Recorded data
━━━━━━

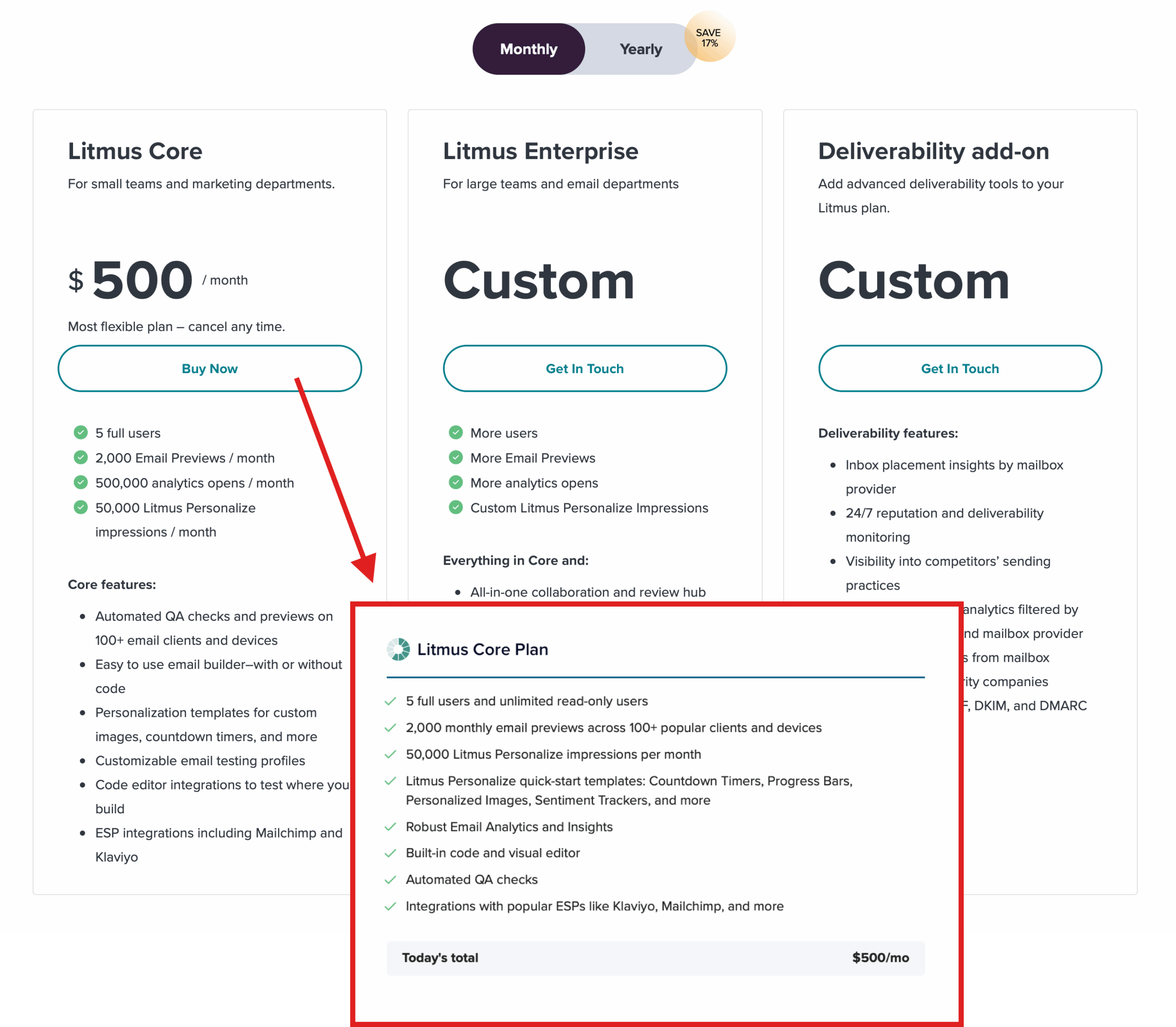 Despite the significant price increase, Litmus Core provides exactly the same feature set as the previous Plus plan.
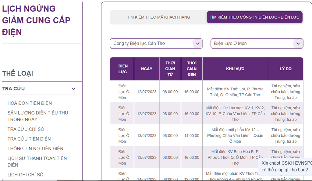 Lịch cắt điện Cần Thơ ngày 13/7 cập nhật tại website của EVNSPC. Ảnh: BNEWS
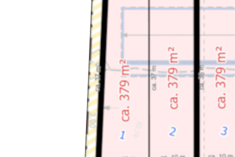 Es handelt sich um zwei nebeneinanderliegende, separat vermessene Grundstücke, die gemeinsam als eine Einheit verkauft werden. Beide Grundstücke müssen mit jeweils einer Doppelhaushälfte bebaut werden.
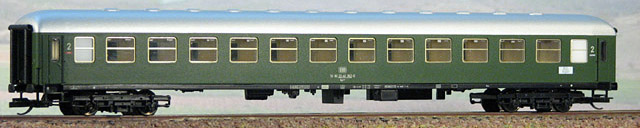 | rychlíkový vůz zelený se světlešedou střechou 2. tř. |
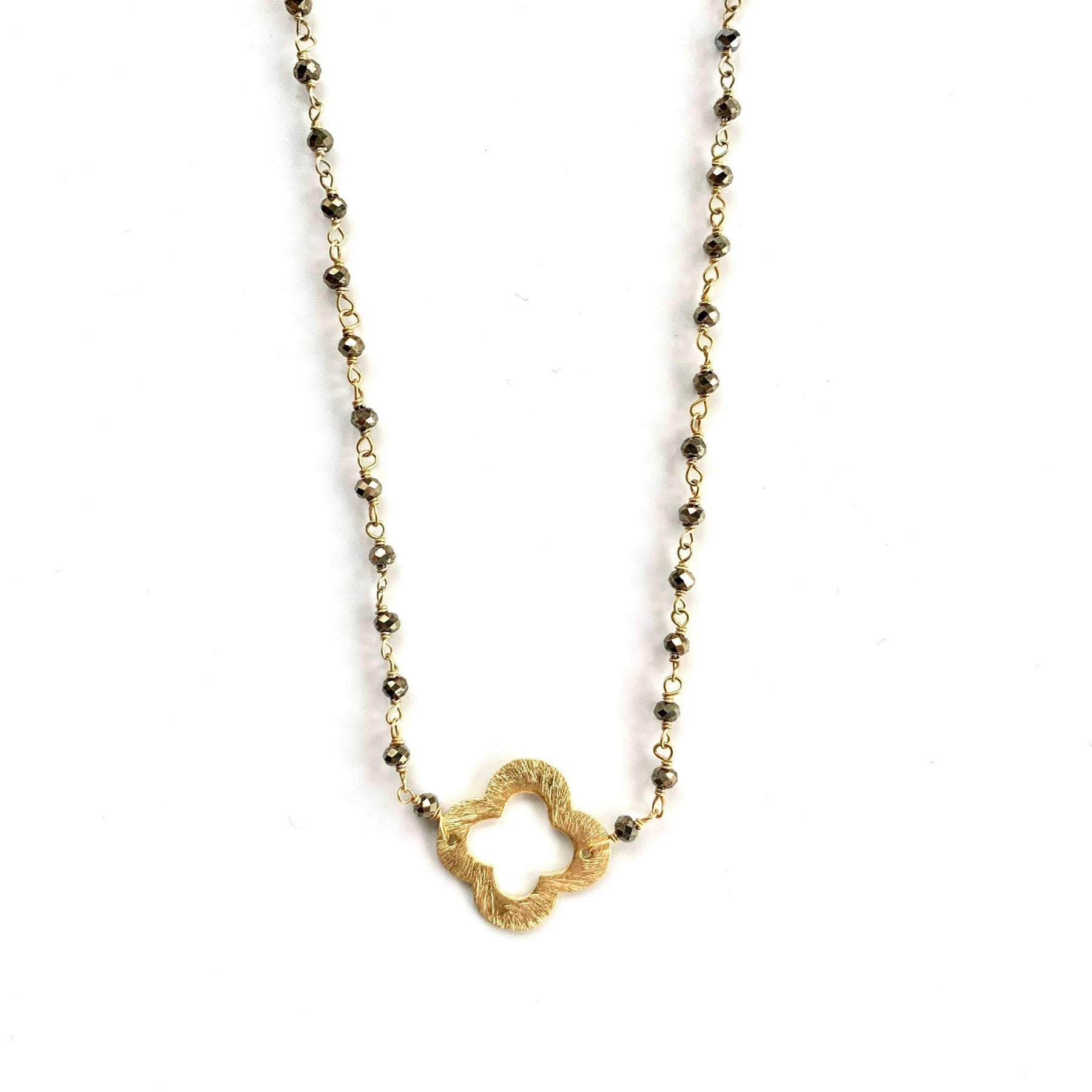 A feel good combination. We married the rich sparkle of natural pyrite with our gold brushed lucky clovers. Lighthearted and lovely. Gold vermeil. adjustable 16-18 inch chain. 10% goes to charity.
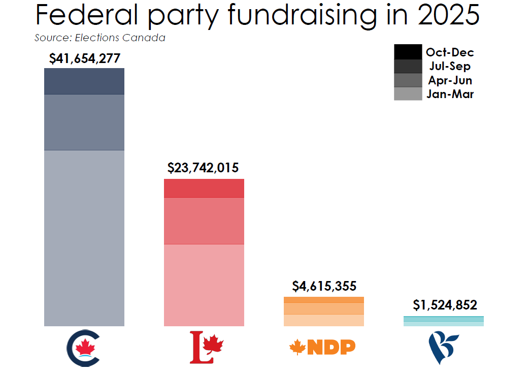 The Liberals’ fundraising for 2025 is at $23.7 million. This sets a new record, beating the $21.7 million that was raised in 2015. With another three months of fundraising left in the year, the Liberals will push that record even further before the end of 2025.
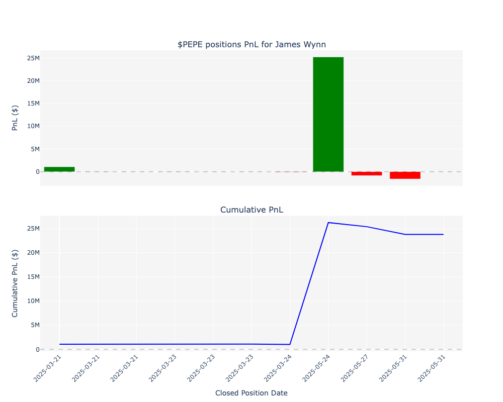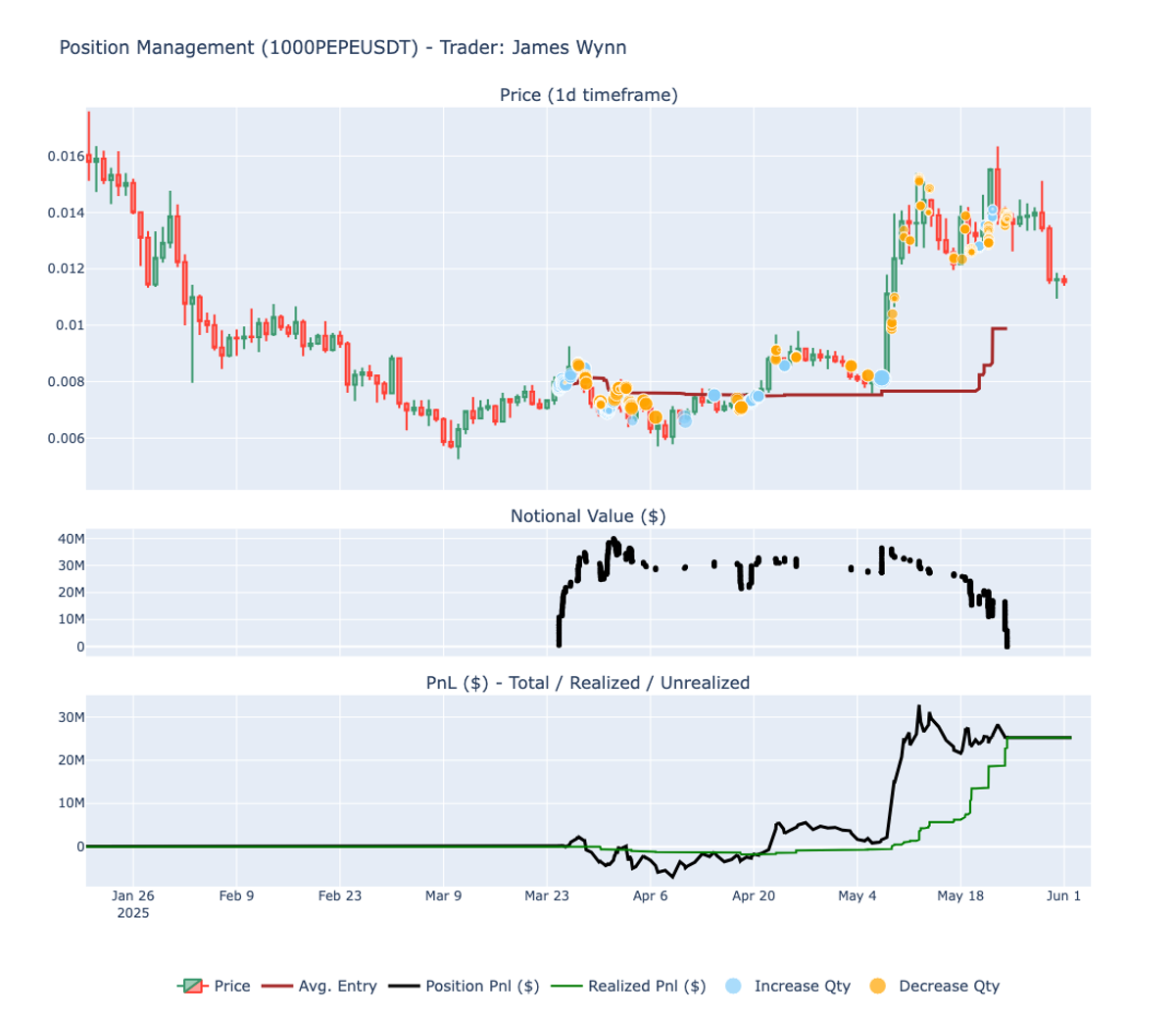 Wynn managed his $PEPE position for two months, from March 23 to the last week of May, effectively capturing the entire upward move the token experienced during that period.
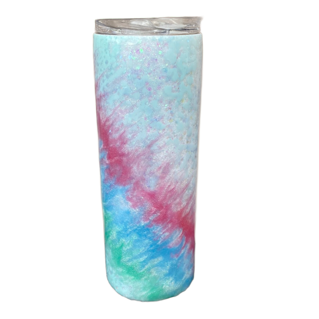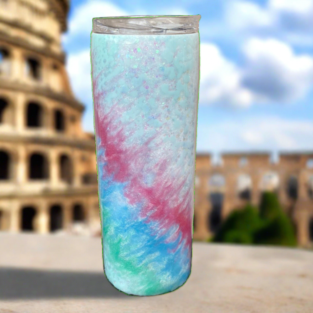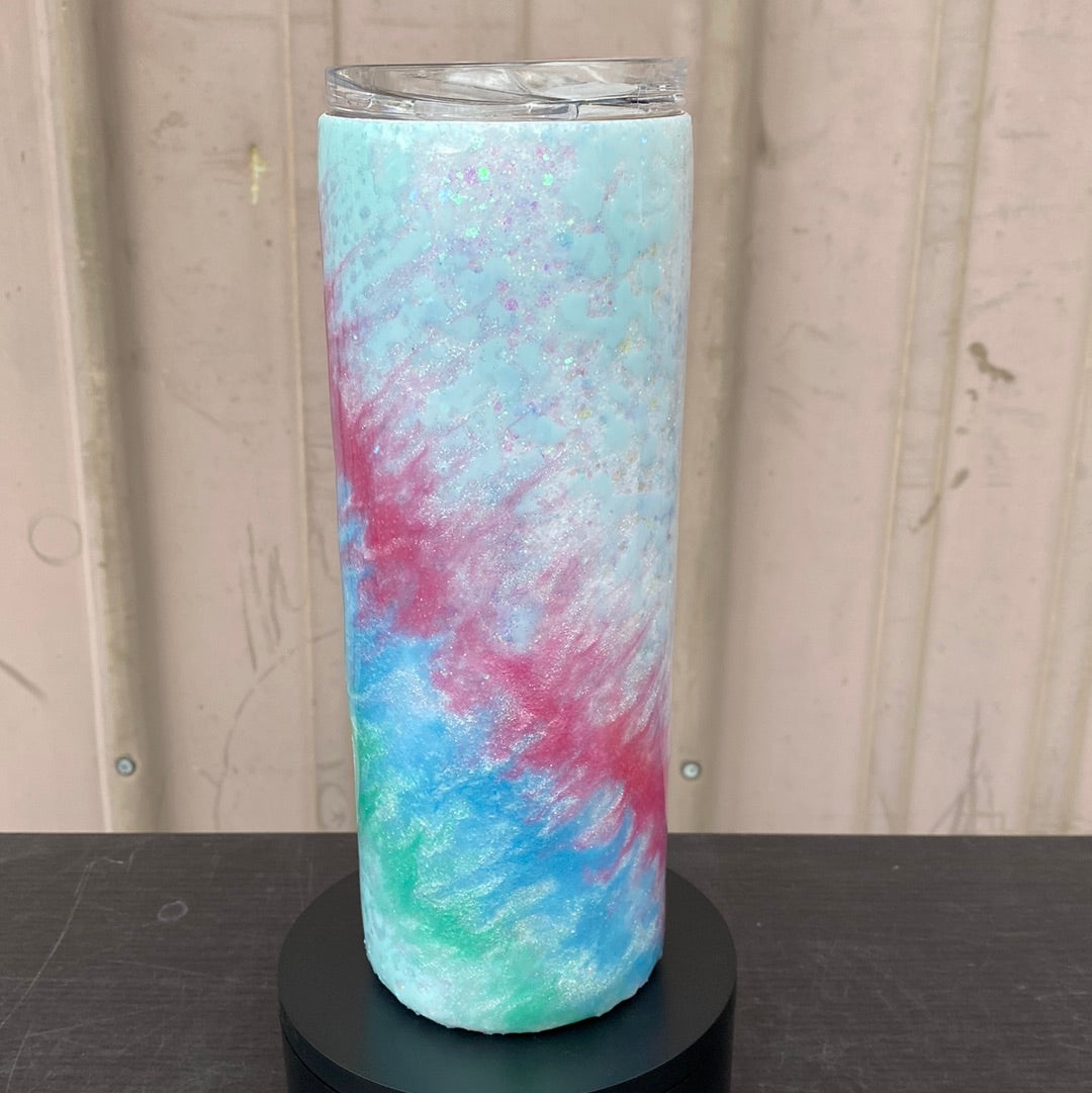 Glow In Dark Custom Painted Pastel Swirl Skinny Tumbler w/Sliding Lid and Straw- 20 Oz
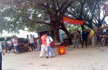 ,在水东西湖门囗,有群残障人士在卖唱,现场吸引众多围观群众,在中间摆着一个助残爱心箱,八挂静观时久,不时见有些民众向此箱投放几元钱不等,其实这景像已是司空见惯,是地球人都见过,而地球每个角落都存在,只不知这些群体靠不靠谱?但见那些勤劳善良的老乡们向爱心箱投放的景像,让俺刃母芯跤兴克颗意
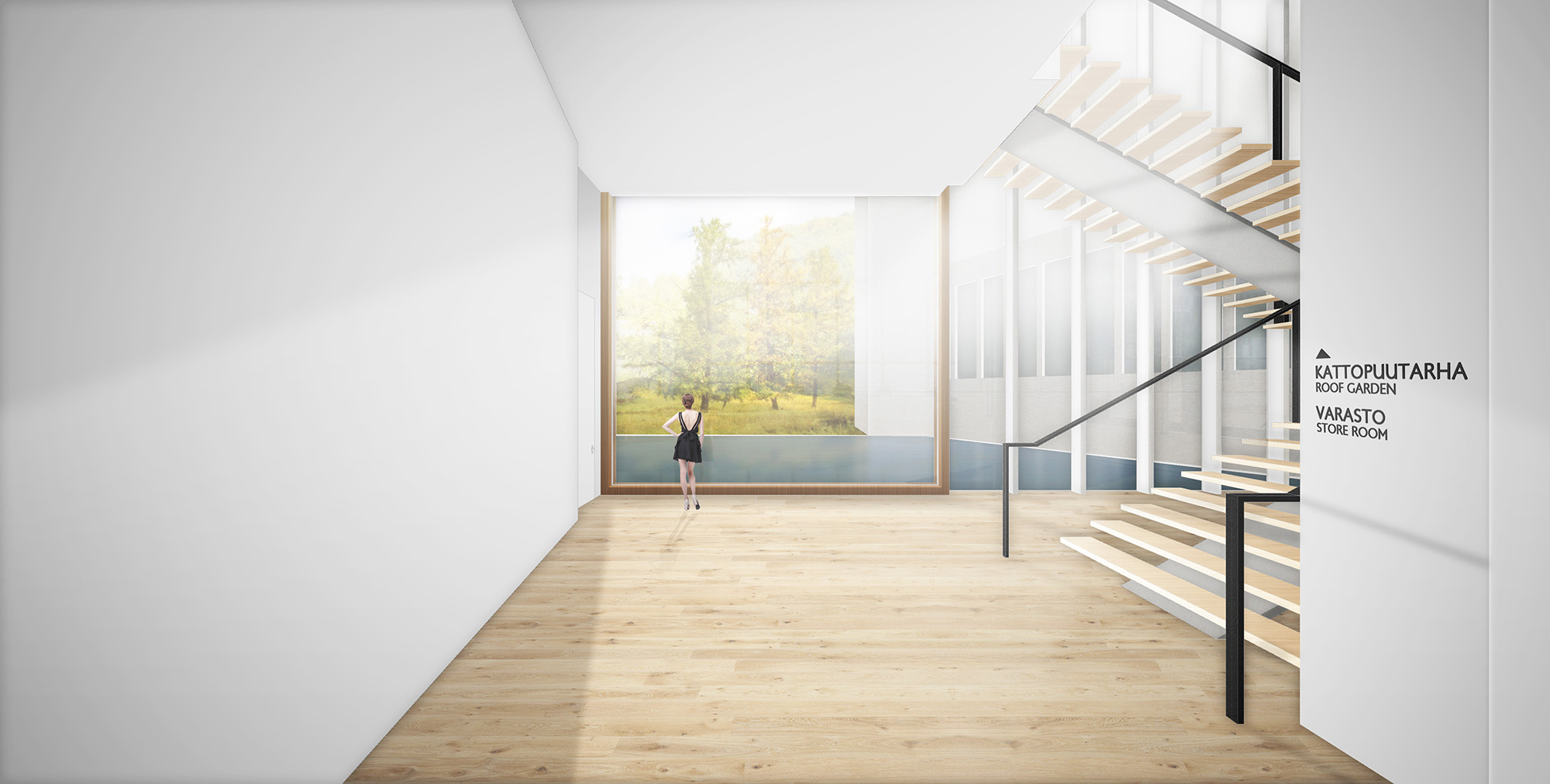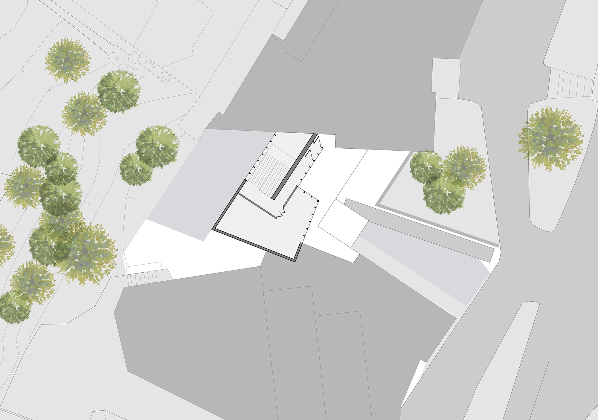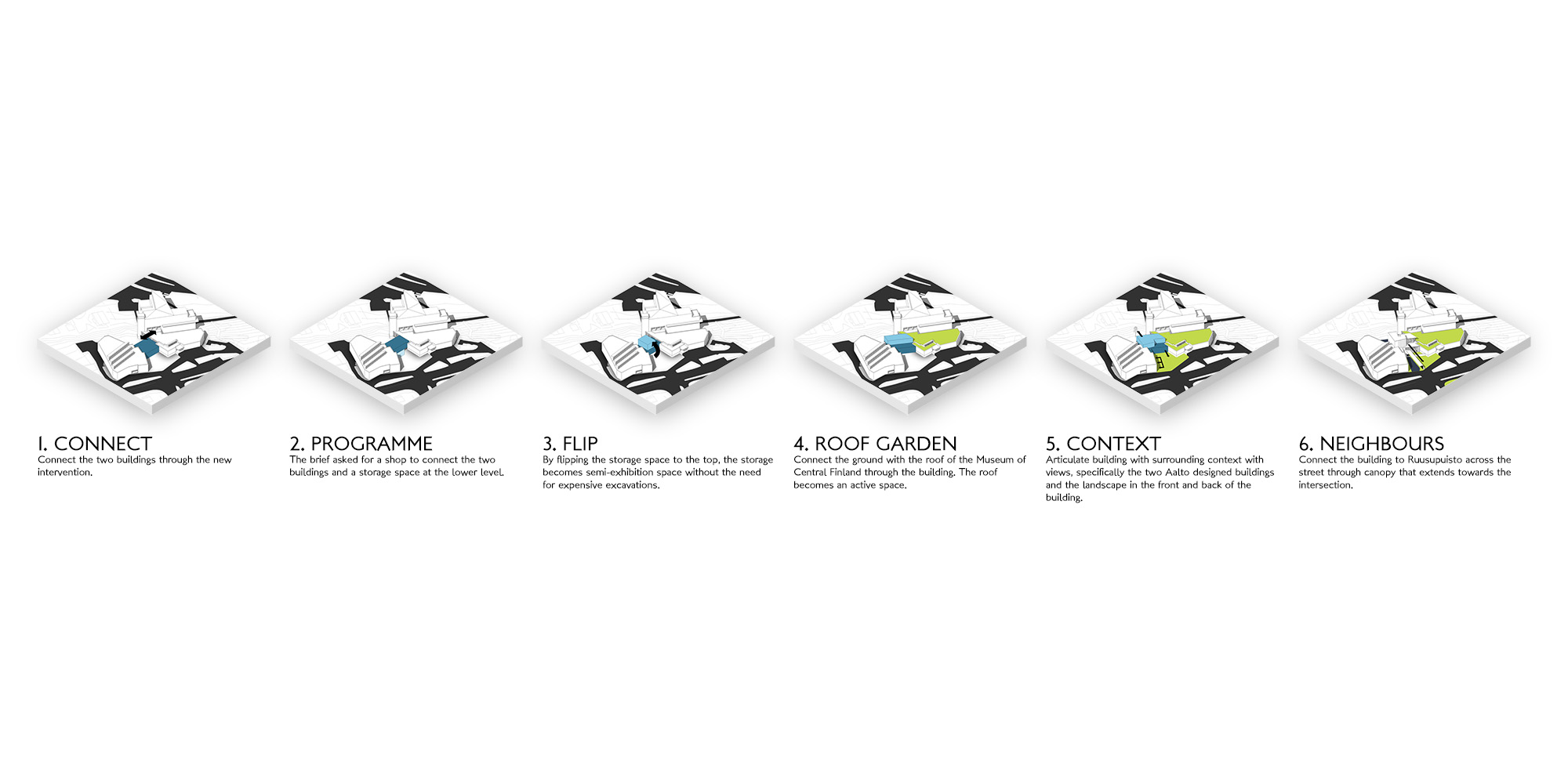 Contrary to the brief, which asked for the shop to be situated above the storage space, the design for the new extension inverts this arrangement to place the storage space at the top and the shop at the bottom. The benefits of this is the shop connects the communal spaces of the two existing buildings, thus making circulation more ideal, as well as minimizing the need for expensive excavation. At night, the white opaque glass box on top becomes a beacon for the complex, turning the mundane storage space into a celebrated centrepiece. By raising the upper floor of the building to the same level as the Museum of Central Finland, the roof of that building could be turned into a roof garden, thus extending the landscape from the street onto the building.

━━━━━━

» ASSIGNMENT:
Write out each entry exactly, images excluded.

» RESPONSE TO THE TASK:
 Despite the significant price increase, Litmus Core provides exactly the same feature set as the previous Plus plan.
 Lịch cắt điện Cần Thơ ngày 13/7 cập nhật tại website của EVNSPC. Ảnh: BNEWS
 Es handelt sich um zwei nebeneinanderliegende, separat vermessene Grundstücke, die gemeinsam als eine Einheit verkauft werden. Beide Grundstücke müssen mit jeweils einer Doppelhaushälfte bebaut werden.
 | rychlíkový vůz zelený se světlešedou střechou 2. tř. |
 A feel good combination. We married the rich sparkle of natural pyrite with our gold brushed lucky clovers. Lighthearted and lovely. Gold vermeil. adjustable 16-18 inch chain. 10% goes to charity.
 The Liberals’ fundraising for 2025 is at $23.7 million. This sets a new record, beating the $21.7 million that was raised in 2015. With another three months of fundraising left in the year, the Liberals will push that record even further before the end of 2025.
 Wynn managed his $PEPE position for two months, from March 23 to the last week of May, effectively capturing the entire upward move the token experienced during that period.
 Glow In Dark Custom Painted Pastel Swirl Skinny Tumbler w/Sliding Lid and Straw- 20 Oz
 ,在水东西湖门囗,有群残障人士在卖唱,现场吸引众多围观群众,在中间摆着一个助残爱心箱,八挂静观时久,不时见有些民众向此箱投放几元钱不等,其实这景像已是司空见惯,是地球人都见过,而地球每个角落都存在,只不知这些群体靠不靠谱?但见那些勤劳善良的老乡们向爱心箱投放的景像,让俺刃母芯跤兴克颗意
 Contrary to the brief, which asked for the shop to be situated above the storage space, the design for the new extension inverts this arrangement to place the storage space at the top and the shop at the bottom. The benefits of this is the shop connects the communal spaces of the two existing buildings, thus making circulation more ideal, as well as minimizing the need for expensive excavation. At night, the white opaque glass box on top becomes a beacon for the complex, turning the mundane storage space into a celebrated centrepiece. By raising the upper floor of the building to the same level as the Museum of Central Finland, the roof of that building could be turned into a roof garden, thus extending the landscape from the street onto the building.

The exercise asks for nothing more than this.